Un aspecto polémico refiere a los hipotéticos efectos nocivos que podrían producir, a largo plazo, las emisiones de radiación electromagnética. Algunos casos puntuales de supuestos aumentos en la probabilidad de cáncer[cita requerida] en personas que viven en zonas cercanas a torres de alta tensión, como así también la reciente preocupación sobre el uso de la telefonía celular, y de la antenas de celulares y o WiMAX han contribuido a despertar cierto grado de «alarma social».​

Orígenes de los campos electromagnéticos

Los seres vivos han estado expuestos a influencias electromagnéticas desde que existen: la luz del sol, los rayos cósmicos y otras, son radiaciones naturales de diferente naturaleza. sin embargo, se sospecha únicamente a los campos creados por la acción humana.

Campos electromagnéticos de origen natural

Los campos electromagnéticos están presentes en todas partes, aunque son invisibles en general al ojo humano. Se producen campos eléctricos por la acumulación de cargas eléctricas en la atmósfera asociadas a las tormentas con aparato eléctrico.​ El campo magnético terrestre hace que la aguja de una brújula se oriente en el eje norte-sur, y lo usan algunas aves y peces para su orientación.​

Sin embargo, hacia principios del siglo XX, el control de la zona inferior (radiofrecuencia) del espectro electromagnético propició el inicio de una actividad productiva sobre dicho fenómeno, en particular la transmisión de sonido (radio) e imágenes (televisión).

Campos electromagnéticos de origen humano

Además de las fuentes naturales, el espectro electromagnético también incluye campos generados por la acción humana. Por ejemplo, los rayos X se usan para diagnosticar fracturas de huesos.

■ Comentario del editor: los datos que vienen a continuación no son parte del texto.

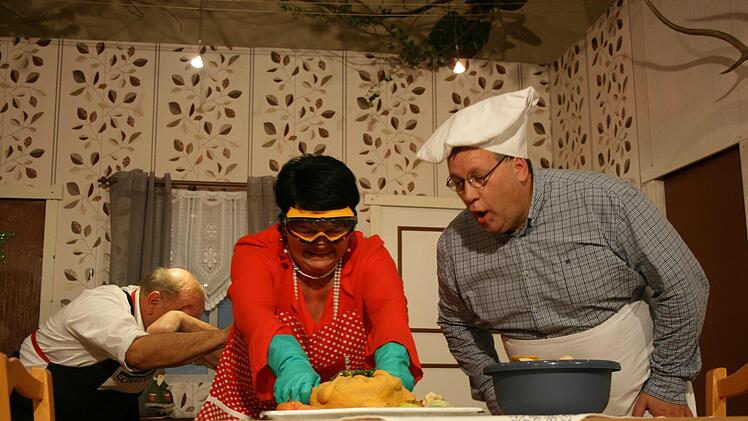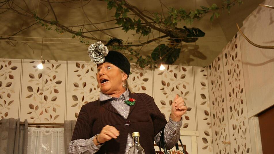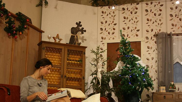 Die Truppe ließ wirklich keinen Witz aus, keine Lachträne ungeweint und kein Klischee beiseite. Große Auftritte hatten hier nicht nur die Laiendarsteller, sondern auch ein Weihnachtsbaum und eine Gans. Der Baum, der wahlweise blinkte, mit Ostereiern behängt wurde oder gar mit Schlüpfern und BHs, hielt Familie Maier ganz schön auf Trab. Er wurde Gassi geführt und in Bewegung gehalten, "damit er nije alla Noudln veliert".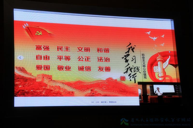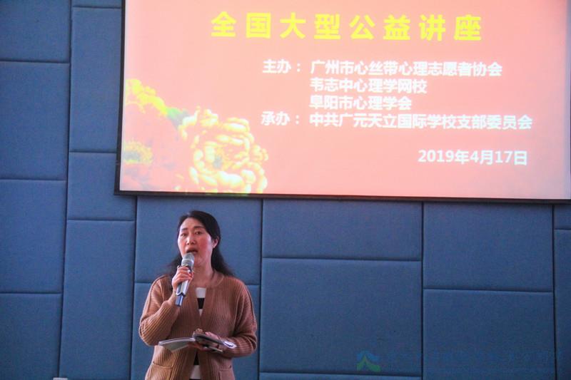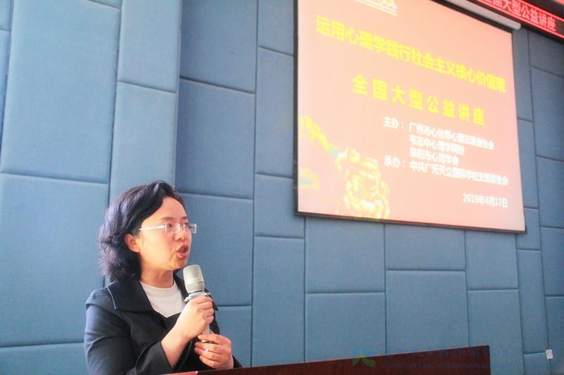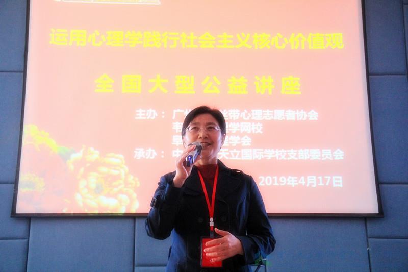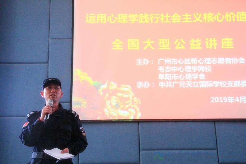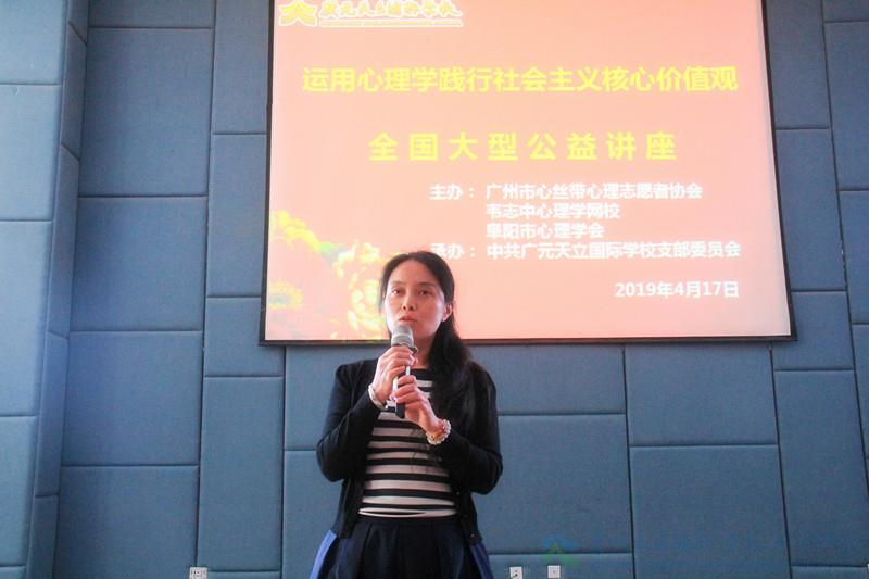 为深入贯彻党中央这一指示精神,4月17日,由广州市心丝带心理志愿者协会、韦志中心理学网校、阜阳市心理学会主办,中共广元天立国际学校支部委员会承办的《运用心理学践行社会主义核心价值观》全国大型公益讲座在广元天立国际学校举行,全校部分党员教师、后勤服务员工共100余人现场聆听讲座。讲座在全国共设分会场200余个,广元分会场活动由广元天立国际学校党支部书记、副校长兼人事部长薛述容女士主持。
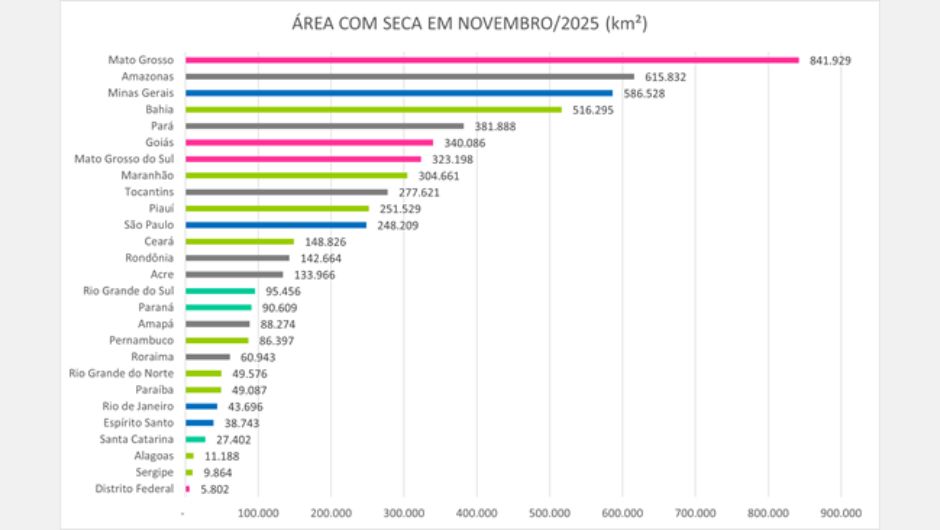 Considerando a área absoluta sob influência da seca, Mato Grosso liderou o ranking em novembro, seguido por Amazonas, Minas Gerais, Bahia e Pará. No total, a área atingida no país somou cerca de 5,7 milhões de quilômetros quadrados, o equivalente a mais de dois terços do território brasileiro.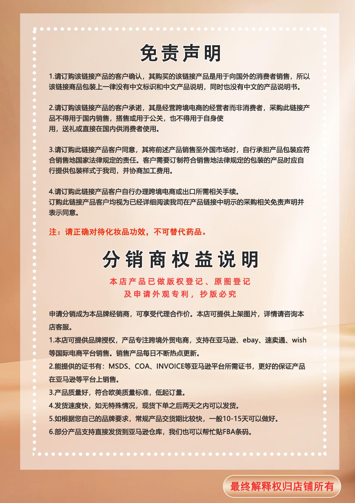 Nuestra empresa vende productos transfronterizos, y este producto es solo para vendedores en plataformas extranjeras, como Amazon, eBay, wish, TEMU, AliExpress, Estación Internacional, etc.No para el mercado nacional(Solo para exhibición),¡No comprar para ventas nacionales/uso propio! (Solo para ventas de exportación de comercio exterior, las ventas nacionales o el uso propio están prohibidos, la compra equivale a la exención de responsabilidad por defecto y la asunción de responsabilidad) .,Todos los distribuidores no deben utilizar para ventas dentro de China, ni aceptar pedidos nacionales de consumidores chinos para ventas. El comprador asumirá la responsabilidad por cualquier problema que surja.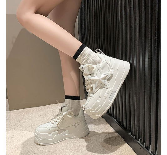 Lace-Up Faux Lace Panel Pattered Sneakers Pearl Platform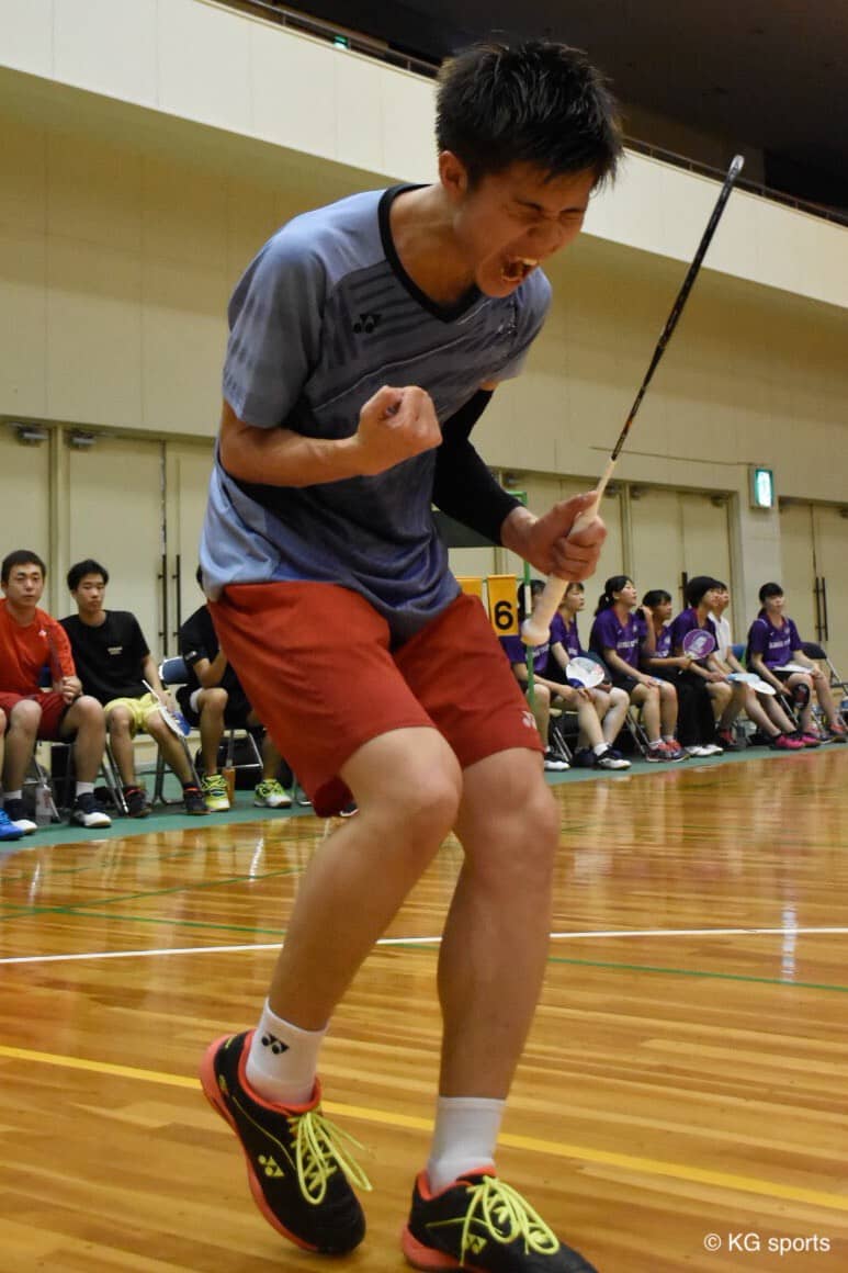 <写真・第1シングルスとして点を決め、ガッツポーズをする戸内> 9月11日、近畿大学東大阪キャンパスにて関西学生バドミン…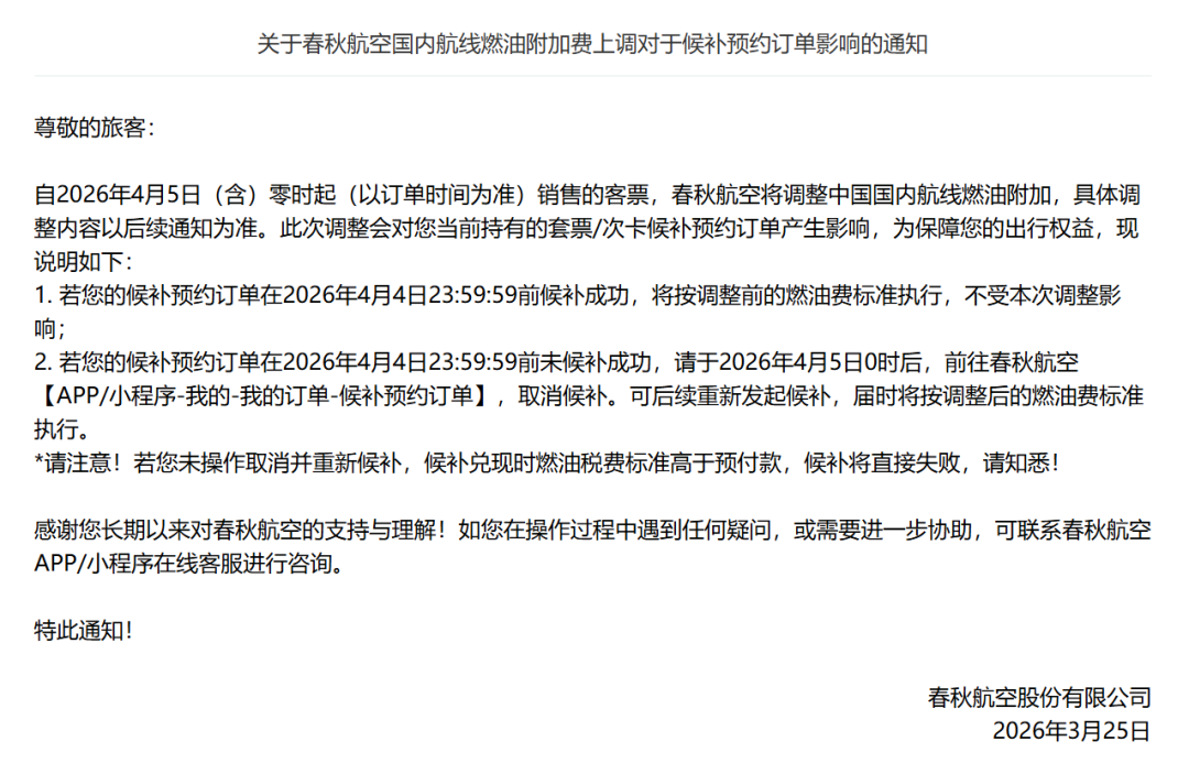 3月25日,春秋航空发布通知,自2026年4月5日(含)零时起(以订单时间为准)销售的客票,将上调国内航线燃油附加费,具体调整内容以后续通知为准。
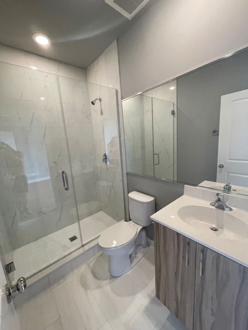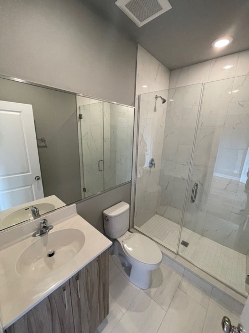 Gorgeous baths with porcelain floors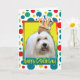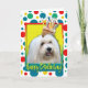 Celebre un cumpleaños con esta tarjeta de felicitación caprichosa de Tulear Dog del algodón. ¡Con una magdalena equilibrada en ella es la cabeza, este diseño está seguro de traer una sonrisa y ríe nerviosamente! El BTW, este diseño tiene varias versiones, con diversos colores de fondo. Hay también una invitación a una versión del fiesta.

El espectro electromagnético es el rango de frecuencias en que se incluyen todas las radiaciones electromagnéticas, desde las frecuencias más altas a las más bajas. En la parte superior del espectro están los rayos X y los rayos gamma, de mayor frecuencia, y al final se encuentran los campos eléctricos y magnéticos de baja frecuencia. Estas radiaciones pueden ser divididas en 3 grupos principales:

Radiación electromagnética indirectamente ionizante: peligrosa porque puede inducir a cambios moleculares debido a la gran cantidad de energía almacenada en las ondas de alta frecuencia. Aquí se encuentran los rayos ultravioletas, los rayos X y los gamma.

Visible: es el rango de frecuencias que pueden percibir los ojos humanos, y se corresponde aproximadamente con los colores del arco iris.

Radiación no ionizante: este rango de frecuencias produce efectos térmicos e incluye a los rayos infrarrojos, las microondas y las radiofrecuencias. Los efectos nocivos de este tipo de radiación están sujetos a una amplia discusión y a extensa investigación.